Il apprend que cette nation entretient à grands frais un collège de prêtres qui savent au juste le temps où il faut s’embarquer, et où l’on doit donner bataille, par l’inspection du foie d’un bœuf, ou par la manière dont les poulets mangent de l’orge. Cette science sacrée fut apportée autrefois aux Romains par un petit dieu nommé Tagès, qui sortit de terre en Toscane.
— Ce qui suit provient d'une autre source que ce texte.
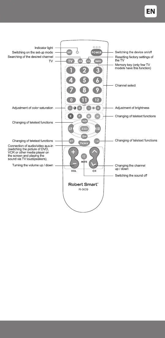 CONTROL KEYS OF THE TV AND CORRESPONDING FUNCTIONS
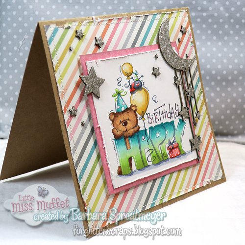 What a great card! Love the layering, the stitching and layout along with this very cute colored bear!

Ces peuples adorent un Dieu suprême et unique, qu’ils appellent toujours Dieu très-grand et très-bon ; cependant ils ont bâti un temple à une courtisane nommée Flora, et les bonnes femmes de Rome ont presque toutes chez elles de petits dieux pénates hauts de quatre ou cinq pouces. Une de ces petites divinités est la déesse des tétons, l’autre celle des fesses ; il y a un pénate qu’on appelle le dieu Pet. L’empereur se met à rire ; les tribunaux de Nankin pensent d’abord avec lui que les ambassadeurs romains sont des fous ou des imposteurs qui ont pris le titre d’envoyés de la république romaine ; mais, comme l’empereur est aussi juste que poli, il a des conversations particulières avec les ambassadeurs ; il apprend que les pontifes romains ont été très-ignorants, mais que César réforme actuellement le calendrier. On lui avoue que le collège des augures a été établi dans les premiers temps de la barbarie, qu’on a laissé subsister une institution ridicule, devenue chère à un peuple longtemps grossier ; que tous les honnêtes gens se moquent des augures ; que César ne les a jamais consultés 1 ; qu’au rapport d’un très-grand homme, nommé

1. M. J.-V. Leclerc, page 8 du tome XXVI de son édition de Cicéron, fait remarquer que le traité De Divinatione ne fut composé qu’après la mort de César (voyez ce traité même, II, 9, 54, etc.); que César consultait les augures, les aruspices, et même les tireurs d’horoscope (voyez ibid., I, 52 ; II, 47, etc.). « Mais, ajoute M. Leclerc, Voltaire appelait pédants ceux qui voulaient tant d’exactitude dans une plaisanterie, et peut-être avait-il raison. » (B.)